What is Forward Day by Day, and is it really free?
Forward Day by Day is a short daily devotional published since 1935 by Forward Movement, an official agency of The Episcopal Church. Each entry includes a scripture, a 250–300-word reflection, and a closing prayer. It is free on the web and in the Forward Day by Day mobile app; a small print booklet is also available by subscription for around $20 a year.
How do I find an Episcopal parish near me?
The find-a-parish tool on episcopalchurch.org lets you search by ZIP code or address, narrow by diocese, filter by language (English, Spanish, and others), and check accessibility. You can also click through to the diocesan website for service times, clergy, and parish-specific information.
Is The Episcopal Church growing or declining?
TEC has been in steady numerical decline for several decades and is currently around 1.5 million baptized members in roughly 6,400 congregations.
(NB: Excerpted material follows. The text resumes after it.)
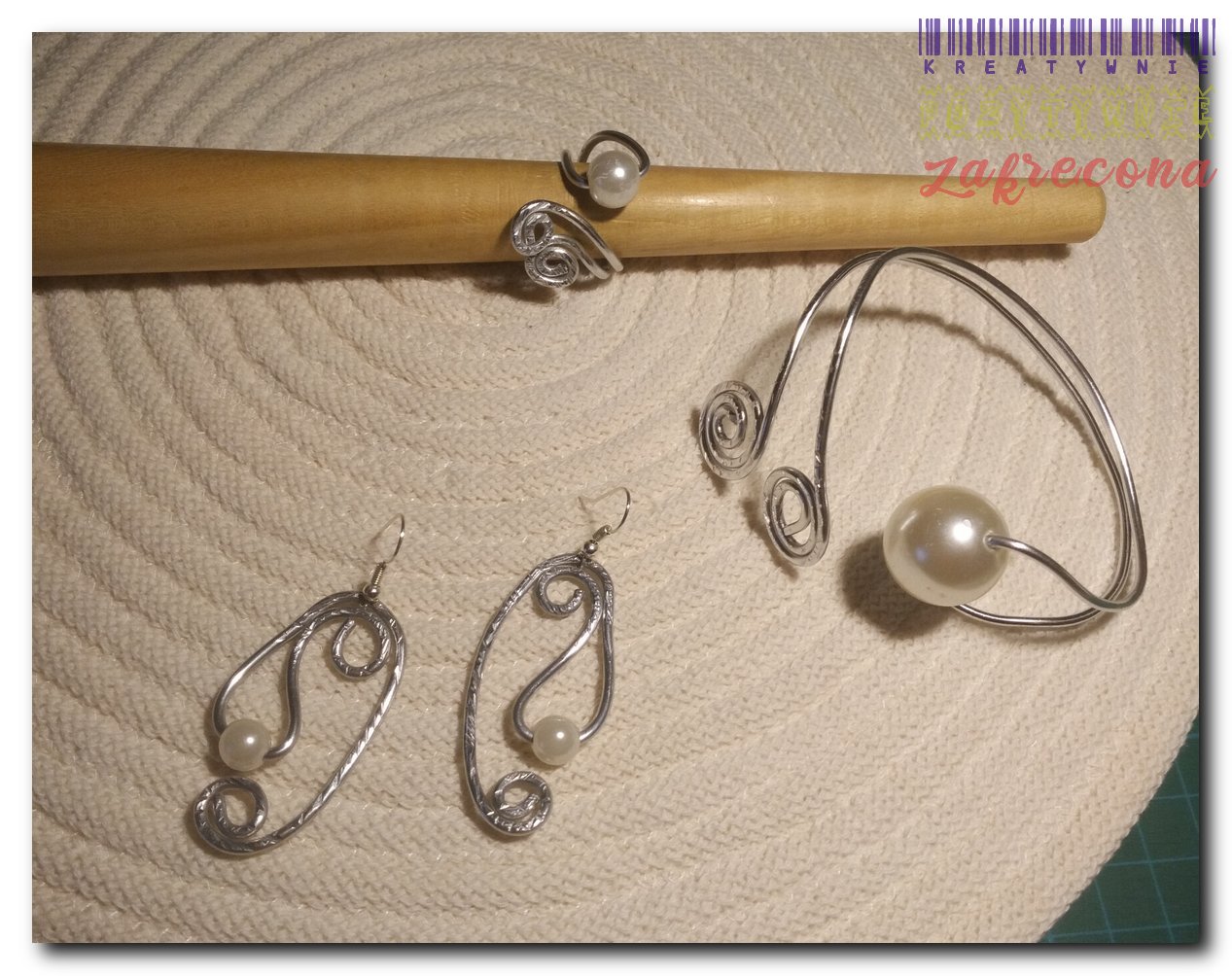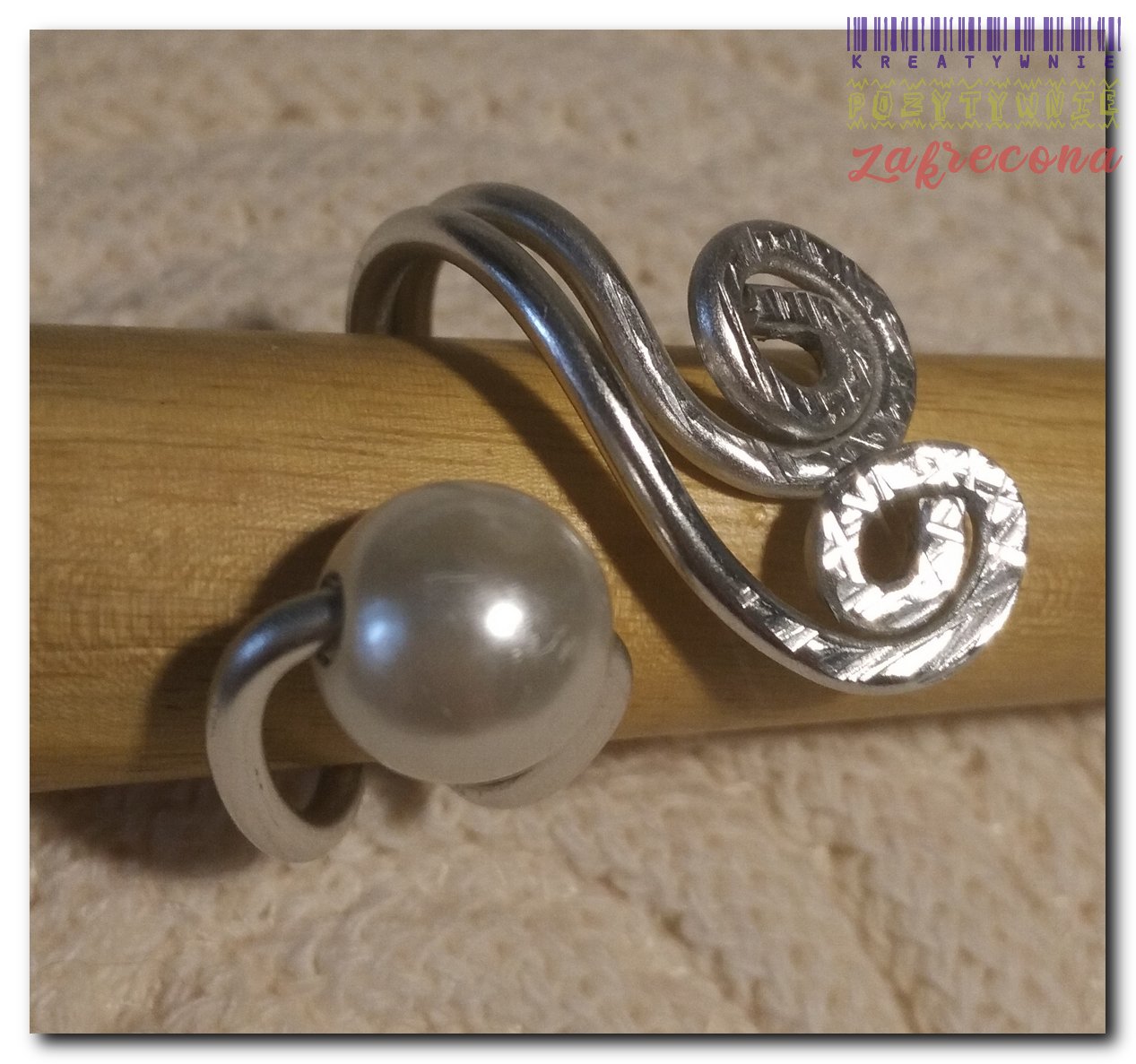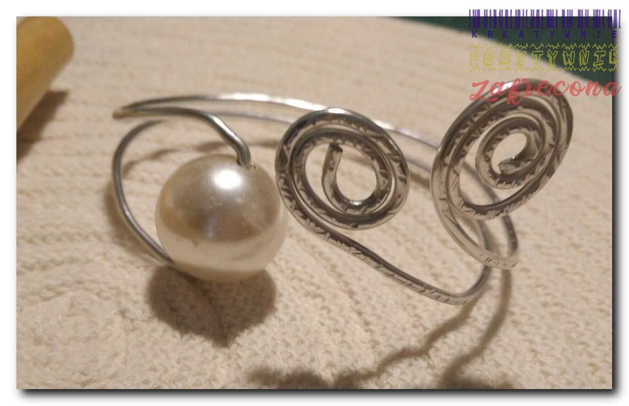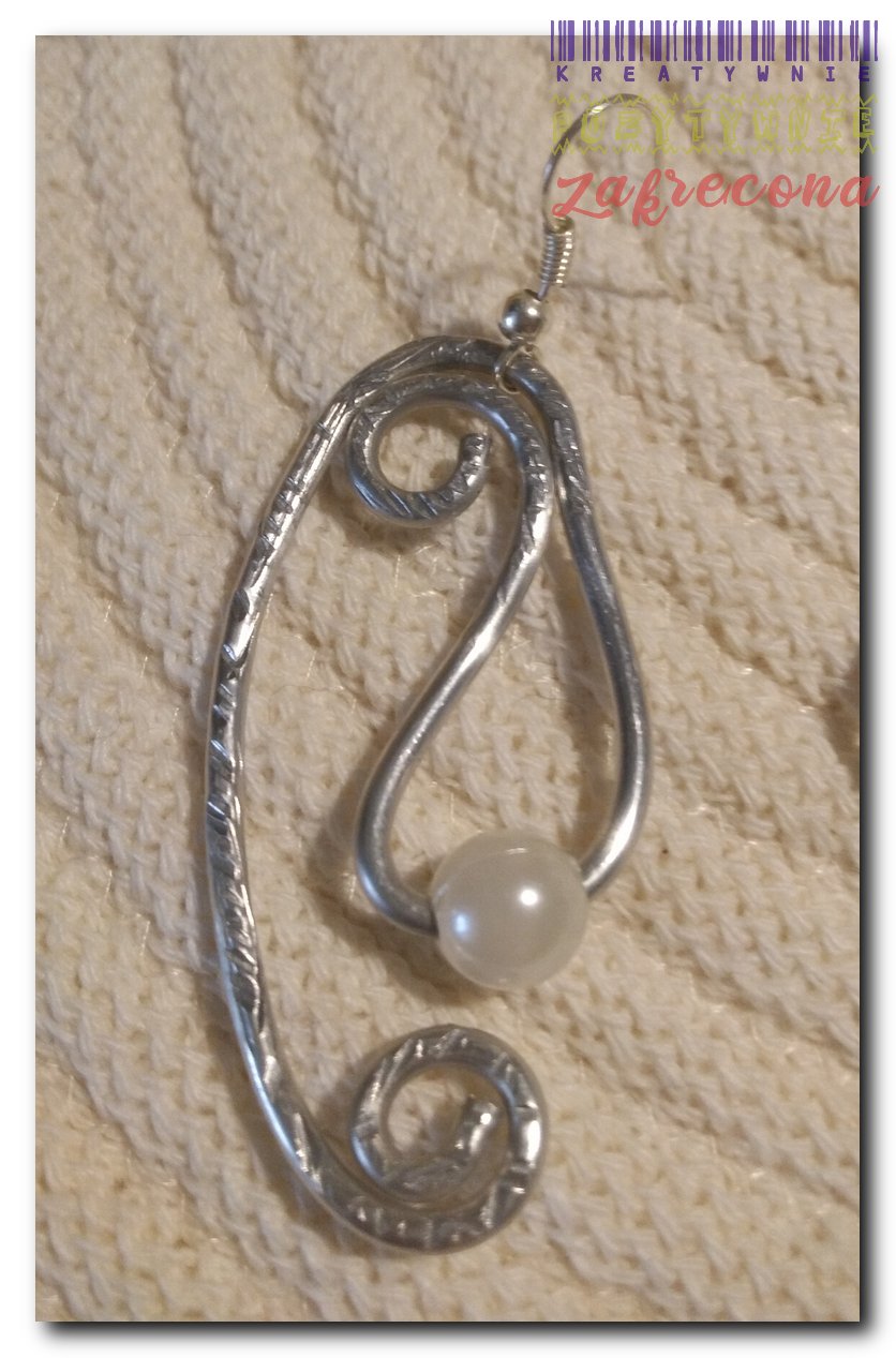 "Biała perła" w kategorii: Biżuteria z drutu aluminiowego MOJE INNE, FAJNE, RĘKODZIELNICZE ARCYDZIEŁA- UUU, OOO ... "Ślimaczki" "Srebrne spirale"

The site does not hide this — annual parochial reports and General Convention statistics are published openly. Some dioceses and individual parishes are growing; the national trend is downward.
Is this site the right place to learn Christian doctrine in depth?
Not really — it is excellent for liturgy, daily prayer, parish discovery, and institutional information, but it is light on systematic teaching and biblical exposition. For deeper teaching you will want to pair it with a Bible-study tool (BibleProject, Bible Gateway, Logos) or with a parish-based catechumenate, which most Episcopal churches now offer in some form.